### What is expected:
Only one stretch of the data is wanted: the line containing "그 결과 매칭09에서는", the line containing "Aline Michel a", and every line between them, copied exactly.

### Raw data:
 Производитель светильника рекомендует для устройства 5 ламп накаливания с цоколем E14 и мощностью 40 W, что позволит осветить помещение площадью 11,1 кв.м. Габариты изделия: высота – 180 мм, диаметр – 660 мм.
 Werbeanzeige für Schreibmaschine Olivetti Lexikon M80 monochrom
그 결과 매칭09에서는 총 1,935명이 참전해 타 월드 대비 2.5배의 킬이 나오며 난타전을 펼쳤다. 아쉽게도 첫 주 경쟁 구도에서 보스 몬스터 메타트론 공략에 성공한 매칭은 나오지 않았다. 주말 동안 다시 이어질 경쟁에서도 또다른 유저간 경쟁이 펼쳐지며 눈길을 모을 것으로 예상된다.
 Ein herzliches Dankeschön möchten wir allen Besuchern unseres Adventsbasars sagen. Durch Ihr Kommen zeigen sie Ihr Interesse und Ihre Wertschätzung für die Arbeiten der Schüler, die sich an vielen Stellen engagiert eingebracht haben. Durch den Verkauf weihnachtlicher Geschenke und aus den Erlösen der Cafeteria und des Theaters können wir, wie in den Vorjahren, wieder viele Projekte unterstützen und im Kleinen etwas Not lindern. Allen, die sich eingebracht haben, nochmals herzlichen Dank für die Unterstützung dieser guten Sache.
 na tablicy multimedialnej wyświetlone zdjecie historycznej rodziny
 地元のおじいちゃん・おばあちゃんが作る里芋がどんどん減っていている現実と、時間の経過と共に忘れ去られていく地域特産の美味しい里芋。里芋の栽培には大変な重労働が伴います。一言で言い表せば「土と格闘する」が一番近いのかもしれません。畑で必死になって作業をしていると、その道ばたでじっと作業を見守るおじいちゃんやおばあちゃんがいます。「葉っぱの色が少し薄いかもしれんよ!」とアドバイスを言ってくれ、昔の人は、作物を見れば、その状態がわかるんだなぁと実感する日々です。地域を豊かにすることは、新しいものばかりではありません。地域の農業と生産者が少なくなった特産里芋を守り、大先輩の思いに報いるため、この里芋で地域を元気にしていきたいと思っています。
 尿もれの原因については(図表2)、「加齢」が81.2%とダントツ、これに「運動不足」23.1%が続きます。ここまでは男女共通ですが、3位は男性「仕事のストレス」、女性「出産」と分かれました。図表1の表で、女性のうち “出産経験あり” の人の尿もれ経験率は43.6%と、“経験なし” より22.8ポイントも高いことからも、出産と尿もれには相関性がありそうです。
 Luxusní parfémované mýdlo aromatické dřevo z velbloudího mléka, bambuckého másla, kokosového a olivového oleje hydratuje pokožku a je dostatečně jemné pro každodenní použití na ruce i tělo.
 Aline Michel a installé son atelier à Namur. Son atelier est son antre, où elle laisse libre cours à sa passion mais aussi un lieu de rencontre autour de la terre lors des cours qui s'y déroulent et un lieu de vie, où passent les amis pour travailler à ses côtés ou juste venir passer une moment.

* * *

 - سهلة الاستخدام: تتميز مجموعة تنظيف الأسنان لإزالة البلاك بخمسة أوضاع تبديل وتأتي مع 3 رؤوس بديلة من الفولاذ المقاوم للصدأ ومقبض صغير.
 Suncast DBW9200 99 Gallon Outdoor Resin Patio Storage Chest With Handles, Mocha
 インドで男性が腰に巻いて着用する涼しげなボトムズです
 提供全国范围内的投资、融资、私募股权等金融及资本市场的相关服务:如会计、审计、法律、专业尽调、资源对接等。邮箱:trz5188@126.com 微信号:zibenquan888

### Solution for this task:
그 결과 매칭09에서는 총 1,935명이 참전해 타 월드 대비 2.5배의 킬이 나오며 난타전을 펼쳤다. 아쉽게도 첫 주 경쟁 구도에서 보스 몬스터 메타트론 공략에 성공한 매칭은 나오지 않았다. 주말 동안 다시 이어질 경쟁에서도 또다른 유저간 경쟁이 펼쳐지며 눈길을 모을 것으로 예상된다.
 Ein herzliches Dankeschön möchten wir allen Besuchern unseres Adventsbasars sagen. Durch Ihr Kommen zeigen sie Ihr Interesse und Ihre Wertschätzung für die Arbeiten der Schüler, die sich an vielen Stellen engagiert eingebracht haben. Durch den Verkauf weihnachtlicher Geschenke und aus den Erlösen der Cafeteria und des Theaters können wir, wie in den Vorjahren, wieder viele Projekte unterstützen und im Kleinen etwas Not lindern. Allen, die sich eingebracht haben, nochmals herzlichen Dank für die Unterstützung dieser guten Sache.
 na tablicy multimedialnej wyświetlone zdjecie historycznej rodziny
 地元のおじいちゃん・おばあちゃんが作る里芋がどんどん減っていている現実と、時間の経過と共に忘れ去られていく地域特産の美味しい里芋。里芋の栽培には大変な重労働が伴います。一言で言い表せば「土と格闘する」が一番近いのかもしれません。畑で必死になって作業をしていると、その道ばたでじっと作業を見守るおじいちゃんやおばあちゃんがいます。「葉っぱの色が少し薄いかもしれんよ!」とアドバイスを言ってくれ、昔の人は、作物を見れば、その状態がわかるんだなぁと実感する日々です。地域を豊かにすることは、新しいものばかりではありません。地域の農業と生産者が少なくなった特産里芋を守り、大先輩の思いに報いるため、この里芋で地域を元気にしていきたいと思っています。
 尿もれの原因については(図表2)、「加齢」が81.2%とダントツ、これに「運動不足」23.1%が続きます。ここまでは男女共通ですが、3位は男性「仕事のストレス」、女性「出産」と分かれました。図表1の表で、女性のうち “出産経験あり” の人の尿もれ経験率は43.6%と、“経験なし” より22.8ポイントも高いことからも、出産と尿もれには相関性がありそうです。
 Luxusní parfémované mýdlo aromatické dřevo z velbloudího mléka, bambuckého másla, kokosového a olivového oleje hydratuje pokožku a je dostatečně jemné pro každodenní použití na ruce i tělo.
 Aline Michel a installé son atelier à Namur. Son atelier est son antre, où elle laisse libre cours à sa passion mais aussi un lieu de rencontre autour de la terre lors des cours qui s'y déroulent et un lieu de vie, où passent les amis pour travailler à ses côtés ou juste venir passer une moment.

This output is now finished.